USC - Viterbi School of Engineering - ISI Grad Team's Knowledge-Mining Work Wins NIST Honors

August 16, 2005 —

In search of smarter search technology, two computer science graduate students and their advisor won second-place honors recently in one of the competition tracks of the annual Text REtrieval Conference (TREC). Soo-Min Kim, Deepak Ravichandran and advisor Eduard Hovy, all of whom work in the Viterbi School's Information Sciences Institute Intelligent Systems Division,

Kim, left, and Ravichandran

pitted their systems for information retrieval and natural language processing against those of some 34 other competitors in the competition sponsored by the National Institute for Standards and Technology (NIST).

The challenge was to scan the text of news stories and identify sentences that either offered opinions or described events. The competitors were given 26 topics (such as abortion or drugs)and told to extract the target data from 50 newspaper articles in each topic.

Kim designed her program to read the texts on a given topic (e.g. "abortion"), read through each text sentence by sentence and output either Yes (= opinion-bearing) or No (not).

Ravichandran constructed his program to identify sentences that contained events relevant to a given topic. In this case, the topic was an earthquake in Afghanistan, and the program was set to read each sentence and identify whether it did or did not contain other events relevant to the topic.

The output of the competitors' programs was then scored on precision - should each "yes" answer have been designated as such? - and recall - how many of the full set of correct "yes" answers were logged? These scores were then measured against a human-scored read of each text.

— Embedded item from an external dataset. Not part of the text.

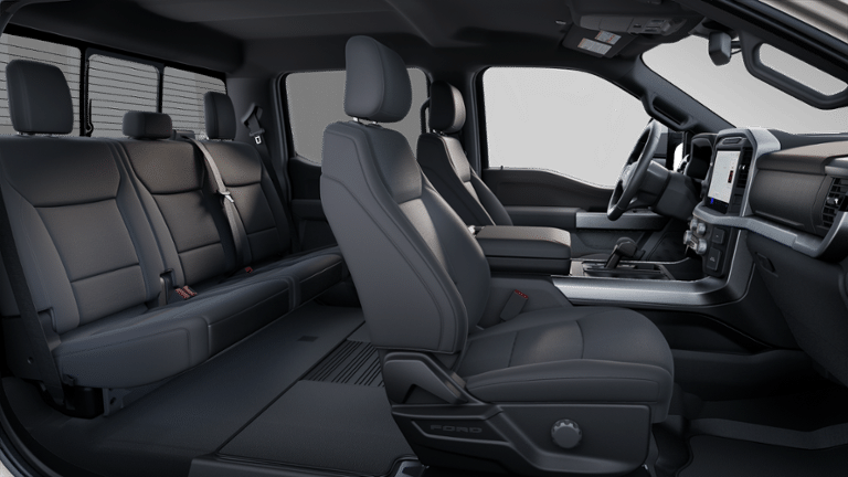 F-150 XLT is nicely equipped with Bed Utility Package (4 Pickup Box Tie-Down Plates, LED Box Lighting, and Tailgate Step w/Tailgate Work Surface), Equipment Group 302A Mid (360 Degree Camera, 400W Cab & Bed Outlets, 6 Angular Bright Anodized Step Bar, Adaptive Cruise Control w/Stop & Go, Auto-Dimming Rear-View Mirror, Black Painted Grille w/Chrome Center Bar, Chrome Door & Tailgate Handles, Chrome Single-Tip Exhaust, Cloth 40/Console/40 Front Seats, Connected Navigation, Driver State Detection, Dual-Zone Electronic Automatic Temperature Control, Evasive Steering Assist, Ford Co-Pilot360 Assist 2.0, Front Parking Sensors, Heated Front Seats, Intelligent Access w/Push Button Start, Power Glass Heated Sideview Mirrors, Power-Sliding Rear Window, Remote Start System w/Remote Tailgate Release, Towing Technology, and Wrapped Steering Wheel), FX4 Off-Road Package, Mobile Office Package (Console Worksurface and Partitioned Lockable Rear Storage), Tow/Haul Package, 4-Wheel Disc Brakes, 6 Speakers, ABS brakes, Air Conditioning, Alloy wheels, AM/FM radio: SiriusXM with 360L, Auto High-beam Headlights, Brake assist, Bumpers: chrome, Chrome wheels, Cloth 40/20/40 Front Seat, Compass, Delay-off headlights, Driver door bin, Driver vanity mirror, Dual front impact airbags, Dual front side impact airbags, Electronic Stability Control, Emergency communication system: SYNC 4 911 Assist, Front anti-roll bar, Front Center Armrest, Front fog lights, Front License Plate Bracket, Front reading lights, Front wheel independent suspension, Fully automatic headlights, Heated door mirrors, Illuminated entry, Internet access capable: FordPass Connect 5G, Low tire pressure warning, Manual-Folding Heated Pwr Glass Trailer Tow Mirror, Occupant sensing airbag, Outside temperature display, Overhead airbag, Overhead console, Panic alarm, Passenger door bin, Passenger vanity mirror, Power door mirrors, Power steering, Power windows, Radio data system, Radio: AM/FM Stereo w/SiriusXM 360L, Rear Parking Sensors, Rear reading lights, Rear step bumper, Rear window defroster, Remote keyless entry, Security system, Speed control, Split folding rear seat, Steering wheel mounted audio controls, SYNC 4 w/Enhanced Voice Recognition, Tachometer, Telescoping steering wheel, Tilt steering wheel, Tough Bed Spray-In Bedliner, Traction control, Trip computer, Variably intermittent wipers, Voltmeter, and Wheels: 18 Chrome-Like PVD.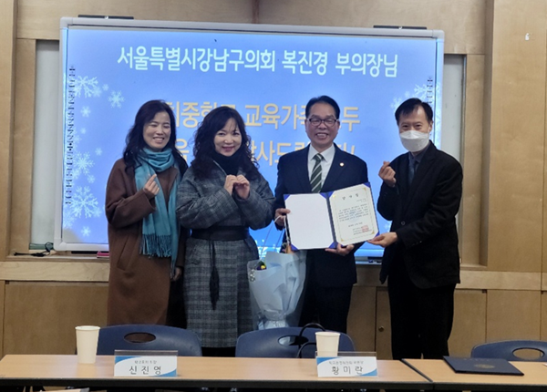 [¾ÆÀ¯°æÁ¦=Á¶Çö¿ì ±âÀÚ] °­³²±¸ÀÇȸ º¹Áø°æ ºÎÀÇÀå(»ï¼º1¤ý2µ¿¤ý´ëÄ¡2µ¿)ÀÌ Áö³­ 23ÀÏ ´ëÄ¡ÁßÇб³Àå°ú Çкθðȸ, Çб³¿î¿µÀ§¿øÈ¸°¡ °øµ¿À¸·Î ¼ö¿©ÇÏ´Â °¨»çÀåÀ» ¹Þ¾Ò´Ù. ´ëÄ¡ÁßÇб³ÀÇ ±³À°°øµ¿Ã¼´Â º¹Áø°æ ºÎÀÇÀåÀÌ ±×µ¿¾È ÇлýµéÀÇ ¾ÈÀüÇϰí ÄèÀûÇÑ ±³À°È¯°æ °³¼± ¹× Çб³ ¹ßÀüÀ» À§ÇÑ ³ë·Â°ú Áö¿ø¿¡ °¨»çÇÏ´Â Àǹ̸¦ ´ã¾Ò´Ù°í ¹àÇû´Ù. º¹Áø°æ ºÎÀÇÀåÀº ´ëÄ¡ÁßÇб³ÀÇ °íÁúÀûÀÎ ¹®Á¦ÀÎ ¼ÒÀ½°ú ¿îµ¿Àå °³¼±À» À§ÇØ °ü½ÉÀ» °®°í ÈûÀ» ½ñ¾Æ¿Ô´Ù. º¹ ºÎÀÇÀåÀº "¿ì¸® ±¸¿¡ Áß...

"In both cases, the technology will form part of future QA systems, which is the direction in which Web search engines are evolving," says Hovy.

Hovy

If you ask Google today, 'Who likes Al Qaeda?' all you get is a list of documents about Al Qaeda - it has no idea about like or dislike or opinions in general," he says. "Soo-Min's system will help give you real answers. Similarly, Deepak's will help answer questions like 'What happened after the earthquake?' or 'Tell me about Einstein's life in Berne.' The QA system needs to know what constitutes an event."